Hugh Kenner’s famous summation of Samuel Beckett’s life and work gets right to the heart of things because, in part, it adheres so closely to the advice the Irish Nobel laureate used to give younger writers: “Pare it down. Pare it down.”
Even pared down -- or, perhaps, particularly because he pared it down -- Beckett’s argument never has seemed more compelling and relevant, all the more so because its eloquence lies beyond style, beyond what the author called “the stink of artifice.” There are words, but also silence; presence and absence; confrontation and evasion; clarity and obscurity.
Paradoxically, it is as much an act of faith -- if you accept Paul Tillich’s notion that faith is a condition of “ultimate concern” -- as it is a body of work. Did Beckett believe in God?
“He doesn’t exist, the bastard.”
Thursday is the 100th anniversary of Beckett’s birth and of all the notable acts of commemoration none is more welcome and likely to be more enduring than Grove Press’ wholly admirable publication of a superb five-volume collection. The publisher, along with the series editor, writer and critic Paul Auster, are scrupulous in calling the collection “selected works.” However, everything that matters -- the seven great novels, the 32 dramatic works, the poetry and short fiction -- are here in texts carefully corrected in consultation with Beckett scholars C.J. Ackerley and S.E. Gontarski. The latter also provides the introduction to the welcome -- and badly needed -- bilingual edition of “Waiting for Godot,” reminding us that it first was titled “En Attendant Godot.”
Laura Lindgren’s design has produced books that not only are handsome but also wonderfully readable -- all too rare in such collections, where type is squeezed onto the page in what seems a publisher’s grudging acquiescence to duty. By contrast, everything about this collection speaks out of a respectful -- though, thankfully, not awed -- enthusiasm. This is particularly true in the apt selection of commentators to introduce each volume: Colm Toibin and Salman Rushdie for the novels; Edward Albee for dramatic works; and a fellow Nobel laureate, South African J.M. Coetzee, for the poetry, short fiction and criticism.

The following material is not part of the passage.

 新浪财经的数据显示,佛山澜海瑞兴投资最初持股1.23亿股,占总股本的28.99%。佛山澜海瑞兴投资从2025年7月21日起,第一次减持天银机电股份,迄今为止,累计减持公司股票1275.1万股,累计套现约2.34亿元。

There is insight without equivocation in their introductions. “You have in front of you one of the most important books of the 20th century ... ,” Albee begins. “There are other writers of this period who ‘matter,’ of course -- Borges, Nabokov, not to make a list but to name two -- but Beckett is special in that he was equally a master in more than one field of literature -- drama and novel, in his case. I would go so far as to say that he reinvented both forms.”
American readers will be less familiar with the novels than the plays, but in his introduction to Volume 2, Rushdie recalls an Indian boyhood and writes, “In my eyes Samuel Beckett has always been a novelist first and playwright later.... “
To Toibin, “Beckett was interested in consciousness as a form of comedy close to tragedy and logic as a crime, its perpetrators to be punished by offering them infinite numbers of absurd logical conclusions.”

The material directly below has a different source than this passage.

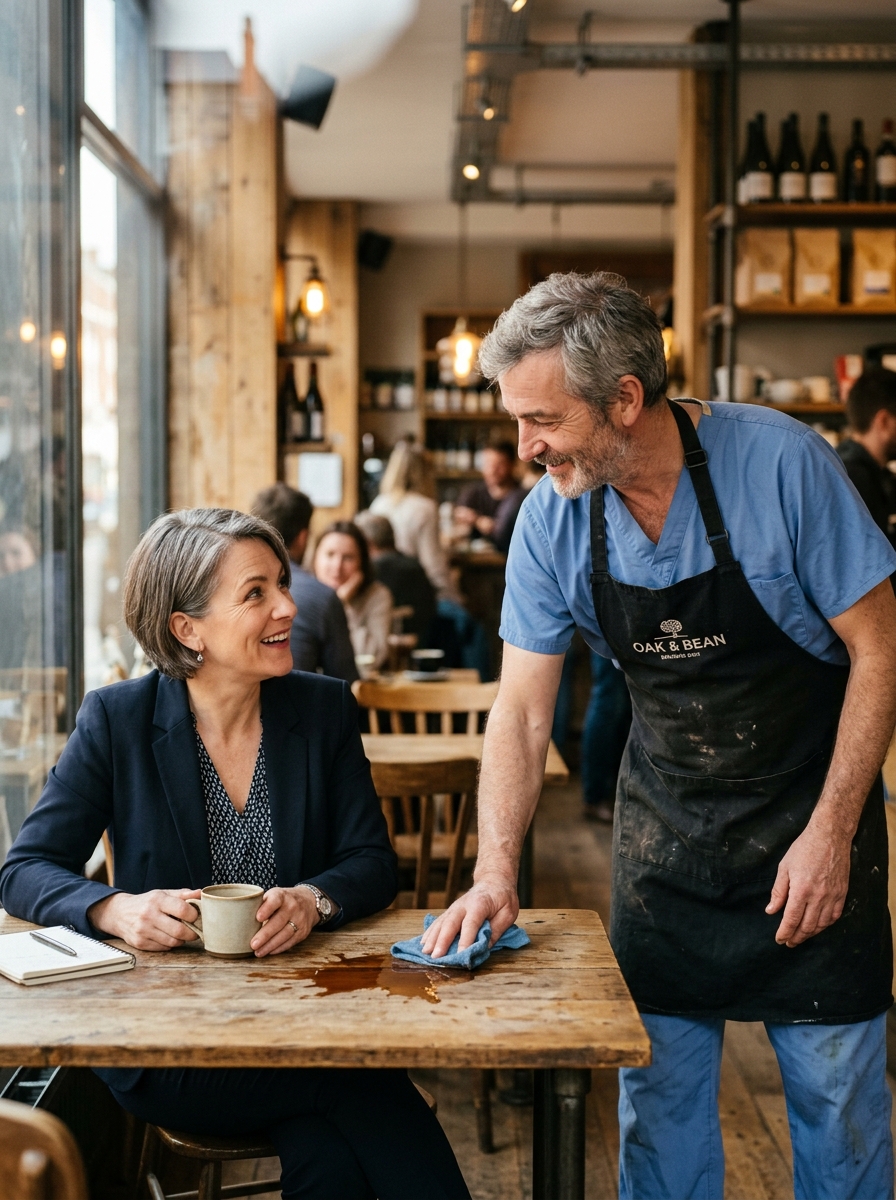 He cleaned up the spill, grabbed napkins, and told the cashier, “Another coffee for her.”

Himself one of Ireland’s leading novelists, Toibin does a particularly deft job of physically and spiritually locating Beckett in Dublin, the city of his birth. As he points out, a short street called Clare runs along the playing fields of Trinity College. At one end is Finn’s Hotel, where James Joyce first saw Nora Barnacle and arranged the meeting at the street’s other end, on a corner of Merrion Square in front of the house where Oscar Wilde was born. Midway, in between, was No. 6 Clare St., where Beckett’s family kept the offices of its quantity surveying business. He lived, wrote and gave language lessons in the building’s upper rooms until he fled Ireland, which banned his first two books, for France on the eve of World War II.
It’s a small town, Dublin, though this week the country the World Bank calls “the most globalized society” on Earth is celebrating Beckett with the Celtic Tiger’s full-throated roar in essays, conferences, banners, T-shirts -- and what would a contemporary occasion be without them? -- and the Gate Theatre’s adaptation of the author’s “Eh Joe,” which remains the most starkly subversive television drama ever written.

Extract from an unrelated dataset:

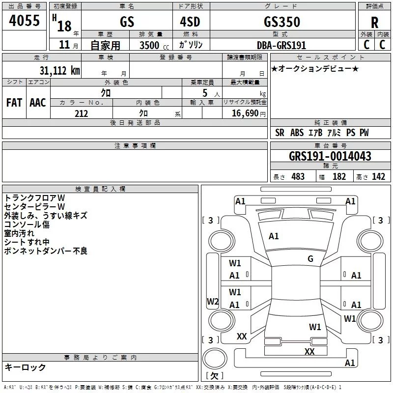 Lexus GS с аукциона Японии TAA Hiroshima лот № 4055

The issue of Beckett’s notorious difficulty and obscurity -- or, rather, his reputation for those things -- is bound to hang over a collection like this. The commentators engage it squarely:
Albee writes that he is “always deeply puzzled when people say of Beckett, ‘Oh, he’s so difficult!’ -- or avant garde, or complex, or
Rushdie argues, “The answer to the question of difficulty is surrender. Give in to the text and it opens up, a rare if shabby flower. Stop asking for what is not there and you start to see what is....
“It is the thing that speaks. A man speaking English beautifully chooses to speak in French, which he speaks with greater difficulty, so that he is obliged to choose his words carefully, forced to give up fluency and to find the hard words that come with difficulty, and then after all that finding he puts it all back into English, a new English containing all the difficulty of the French, of the coining of thought in a second language, a new English with the power to change English for ever. This is Samuel Beckett. This is his great work. It is the thing that speaks.
“Surrender.”
Here misreading -- or partial reading -- tempts the less persevering with the futile sin of nihilism.
This, it seems, is the Beckett who murmurs that:
“There is no endgame between a man and his fate.”
Yet, elsewhere there is this from “Worstward Ho,” one of what Coetzee forthrightly calls the miraculous late works:
“Try again. Fail again. Fail better.”
What these four of Beckett’s austere sentences hold in tension is the experience of a minutely -- and profoundly -- examined life. As these five magnificent volumes attest, it pulled Beckett and his work into a greatness that seems more assured with each passing year -- and into a condition we should not hesitate to call heroic.
But is such heroism really a winning argument in that lifelong dispute with our common origins and fate?
Does it matter?
And then again -- why not?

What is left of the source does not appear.